Third, relocating away from East Asia could mean missing out on opportunities offered by a rapidly growing middle class. The rise of factory Asia has already established the region's competitiveness in manufacturing. The rapid increase in household incomes in East Asia is leading the pivot to shopper Asia, which will continue to attract multinationals to manufacture goods in the region to meet rising middle-class demands.

By 2030, East Asia could account for almost half of global urban consumption growth. China's expanding middle class could consume more than $10 trillion worth of goods and services annually, while Southeast Asia's middle class could increase sharply to more than 160 million households.

For a multinational company, having a presence in East Asia has become a necessity in order to reap the benefits of this consumer potential. The presence of foreign automakers in China -- the world's largest producer of automobiles, mostly for domestic use -- is one good example.

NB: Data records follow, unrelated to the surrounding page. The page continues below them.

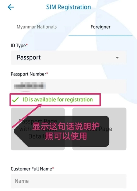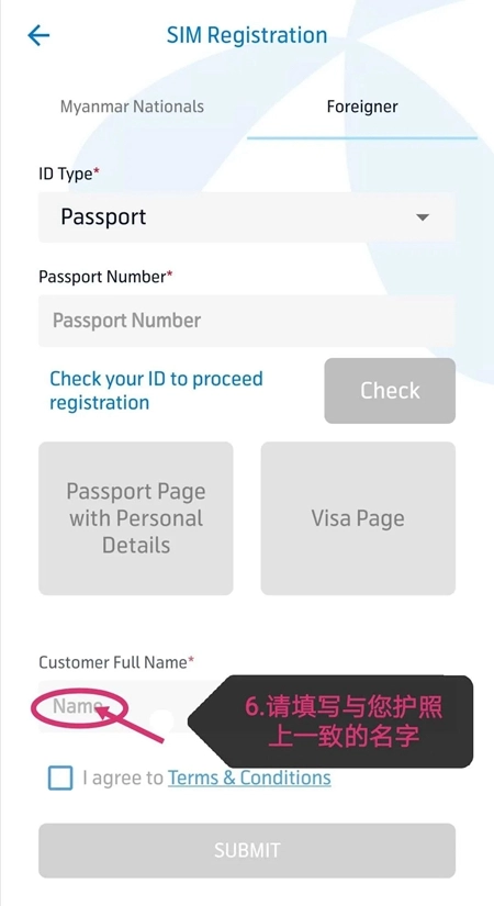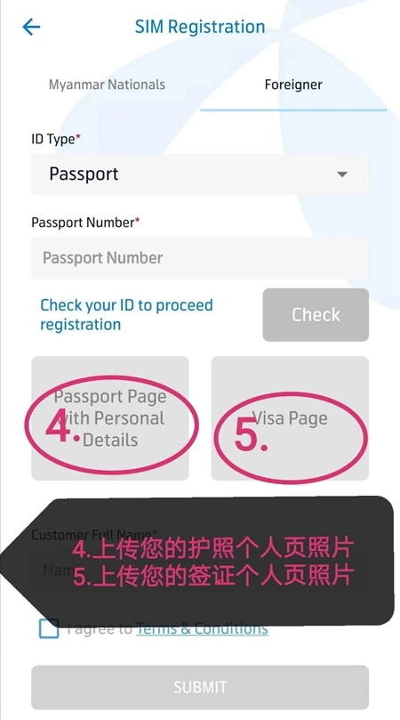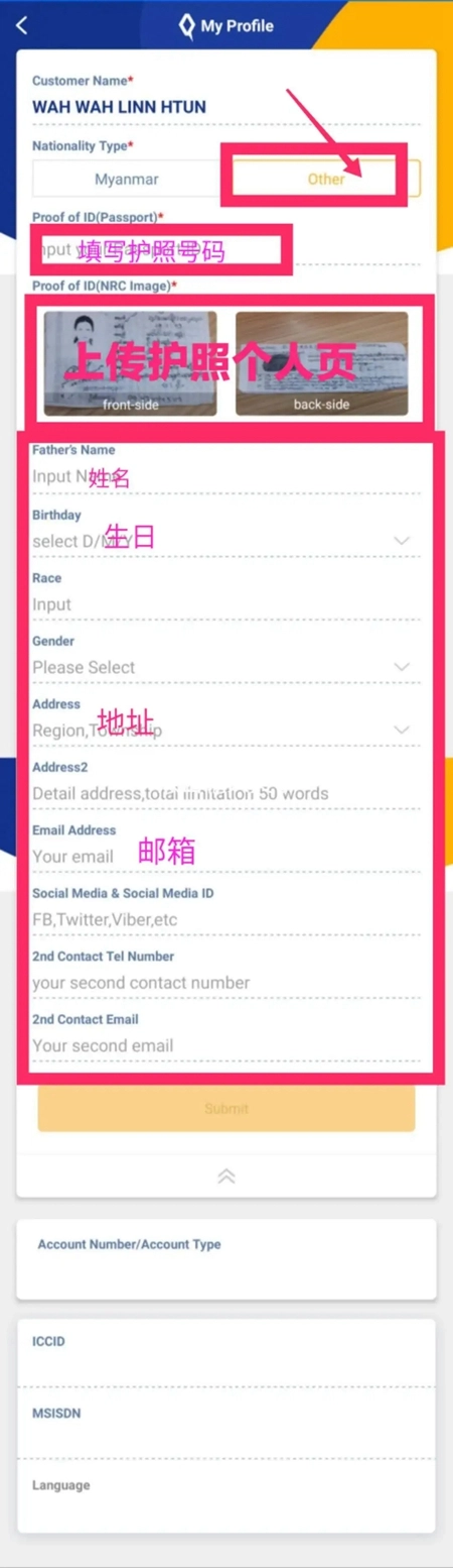 ③若您非缅甸籍人士,则需准备好有效期内的护照个人页照片并上传,随后填写基本信息提交即可。
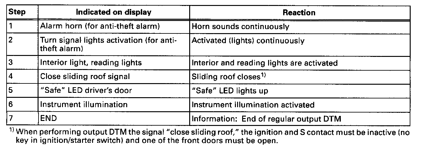 The components displayed in output Diagnostic Test Mode (DTM) can differ depending upon the equipment installed on the vehicle. For example, on vehicles without ATA there will be no "step 1" as listed in the table below.
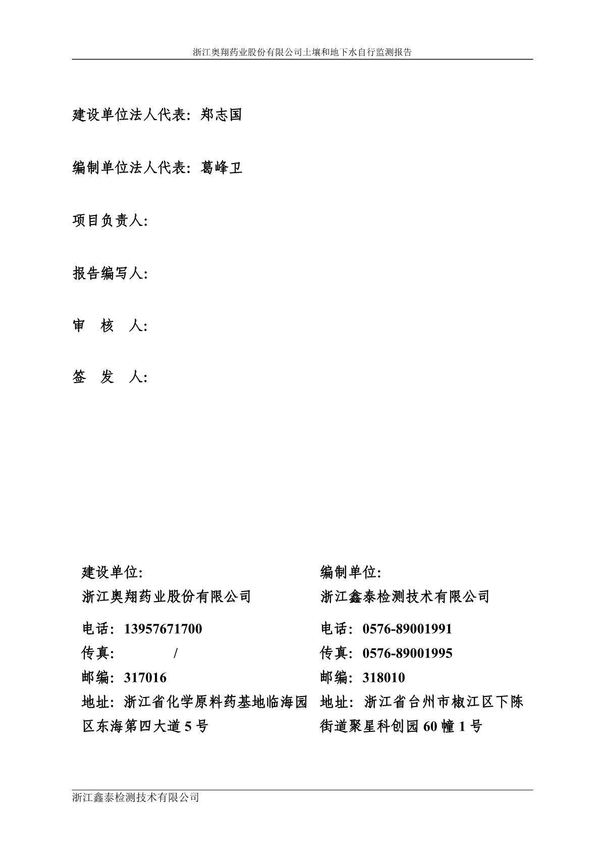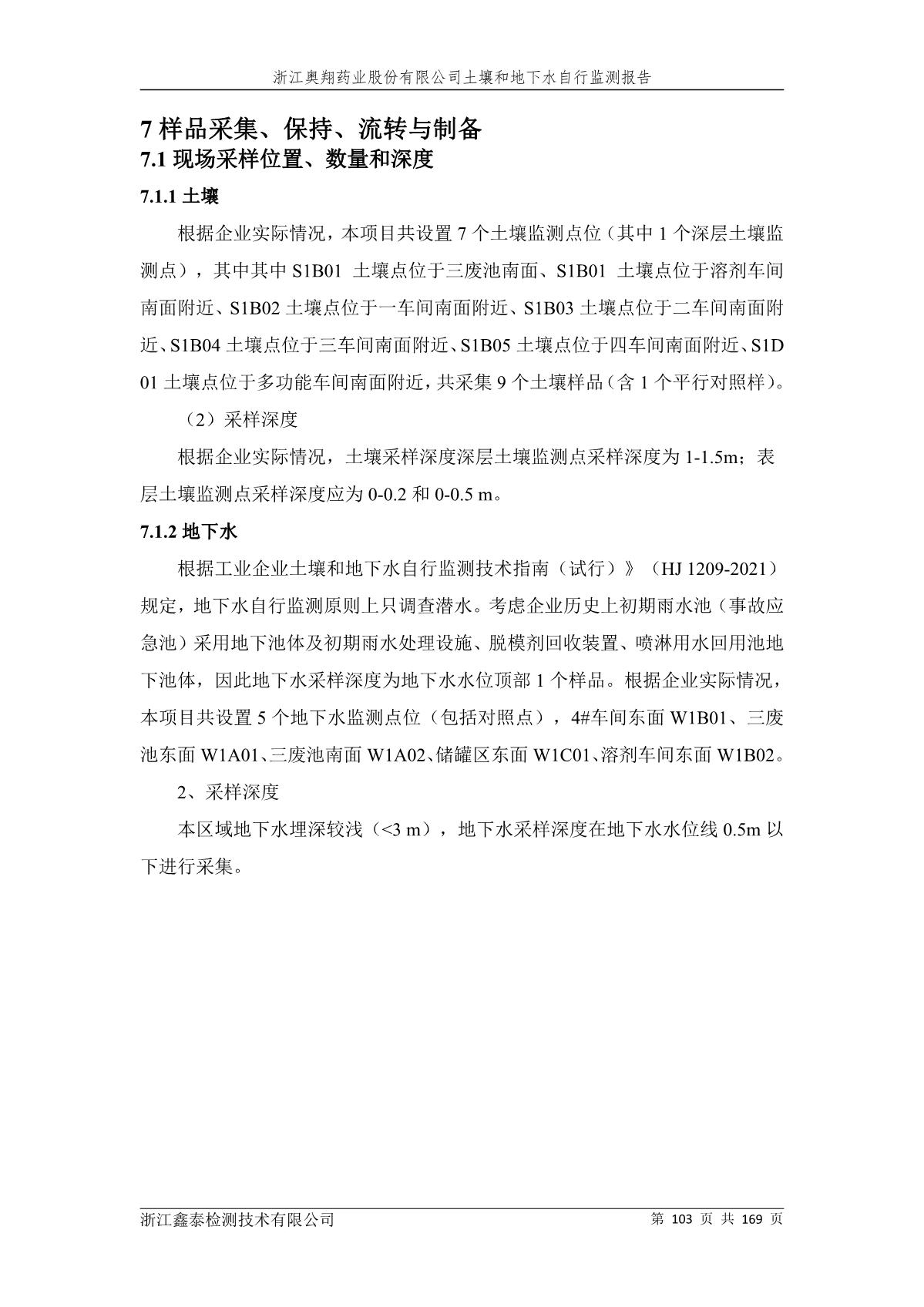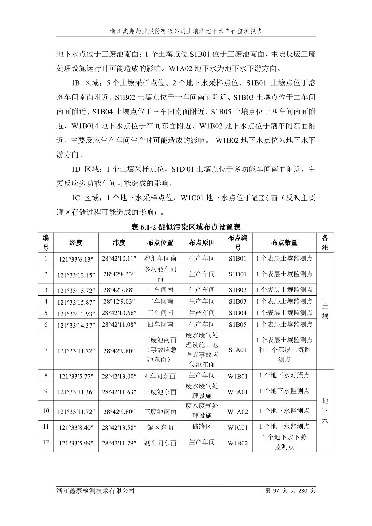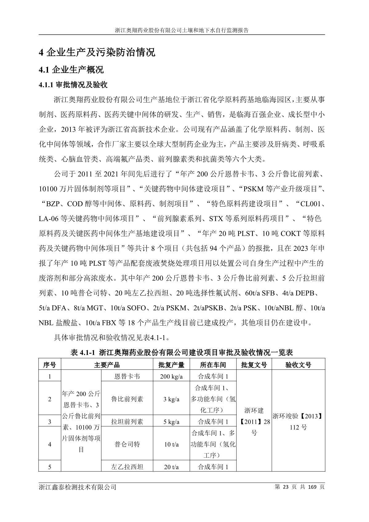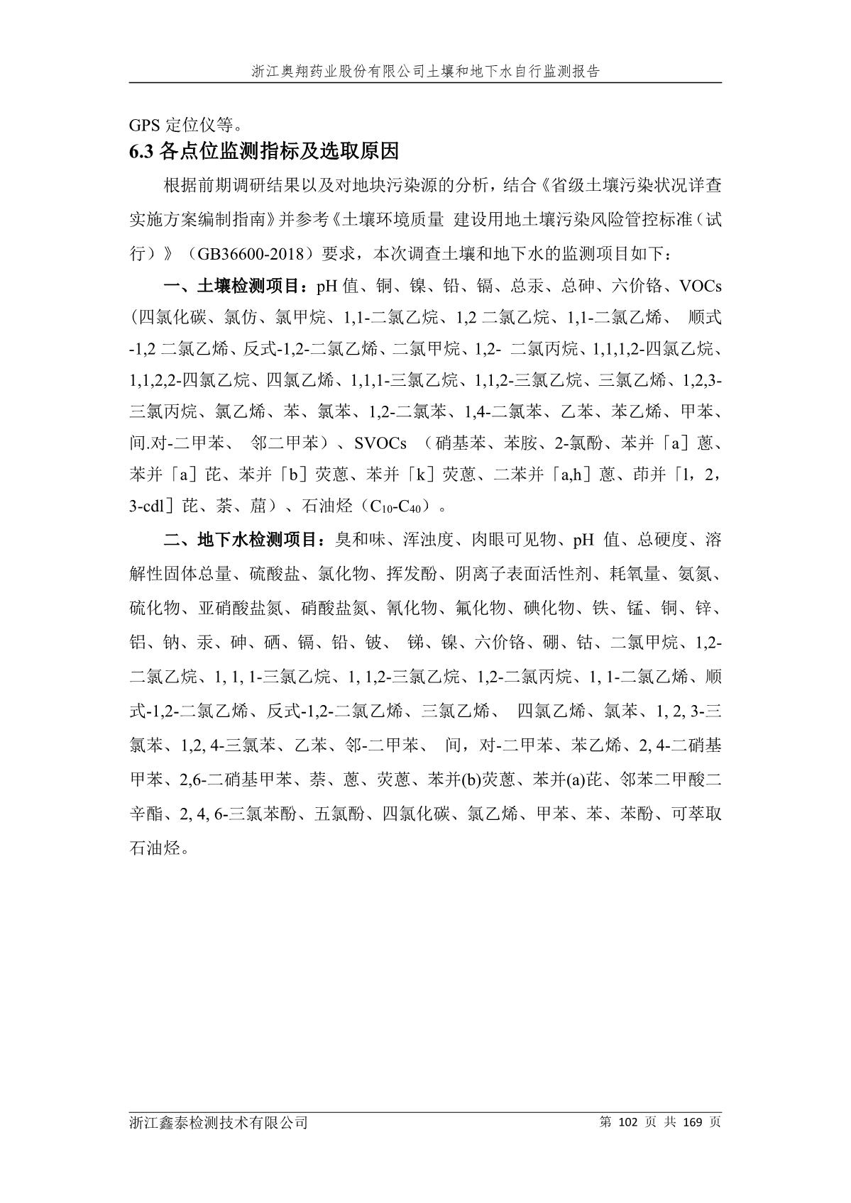浙江奥翔药业股份有限公司土壤和地下水自行监测报告2023
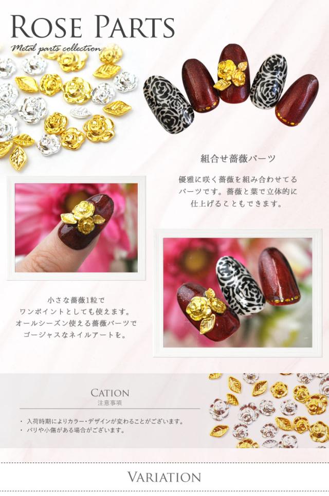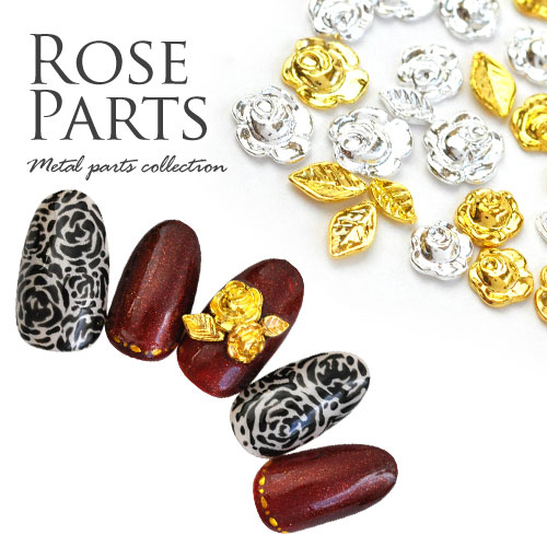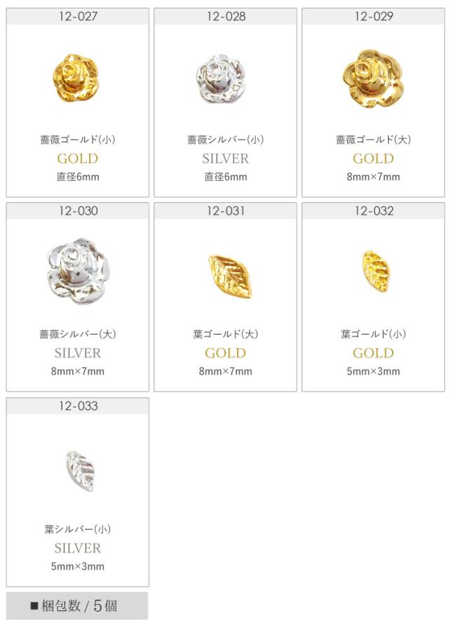 ネイルパーツ (ゴールド/シルバー)メタルパーツ★薔薇 5個/ネイルジュエリー フラワー リーフ 葉|メタル ネイル パーツ ジェルネイル ネイル用品 ジェル ジェルネイルパーツ ネイルアート 花 ゴールドパーツ シルバーパーツ バラ ジェルネイル用品
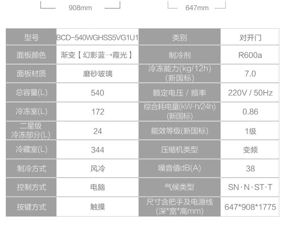 海尔对开门冰箱BCD-540WGHSS5VG1U1
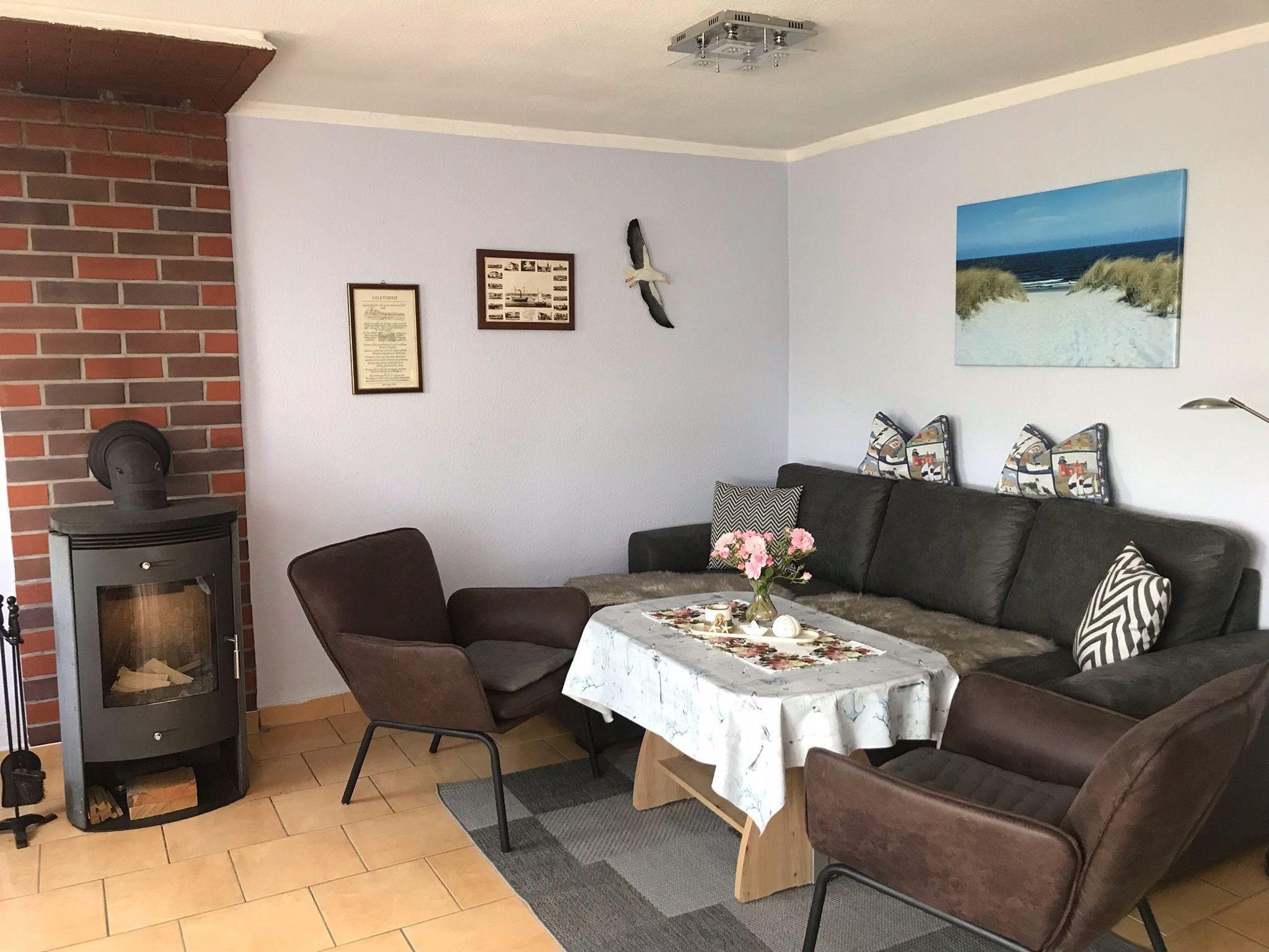 Zum Haus gehört weiterhin eine Sitzterrasse mit Grillmöglichkeit. Von dort aus hat man einen schönen Blick auf die umliegenden Wiesen und das Wasser. Aufgrund der Lage ist der Ort ideal für Besucher mit Kindern oder mit Hunden.

Mercedes-Benz cars on display at a showroom in Lanzhou, China, pictured in April 2019: having a presence in East Asia has become a necessity in order to reap the benefits of consumer potential.   © Imaginechina/AP

Lastly, East Asia's strong technological absorption and embrace of digital transformation are an advantage in an increasingly digital world. Even before the pandemic, East Asia was already home to several tech giants and key patent owners. Along with its young and tech-savvy population, it is well-positioned to attract and leverage technology-driven global value chains.

In its pursuit of growth, East Asia must not rest on its laurels and must continue to evolve. Low labor costs will always be attractive, but, as the pandemic has highlighted, the quality of institutions, human capital and infrastructure can outweigh cost considerations when it comes to global value chain strategies.

And before technology renders any cost advantage moot, East Asia must quickly upgrade itself to maintain its role in post-pandemic global value chains -- one that relies on efficiency, resilience and technology, not merely on cost.

Governments must adopt targeted and well-designed policies to reap the long-term benefits of global value chains. They need to invest in R&D, employ stronger intellectual property rights protection, make digitalization inclusive and push for closer regional integration, among other things.

Still, success will be contingent on proactive and flexible policymaking, and authorities must craft strategies that focus on the Fourth Industrial Revolution-targeted infrastructures, more resilient crisis policy frameworks and environmentally sustainable policies.

Global value chains will indeed undergo significant changes after COVID-19. But East Asia -- with its strong macroeconomic fundamentals, deep ecosystem of supply chains and disciplined policy framework -- will remain an important development location for them.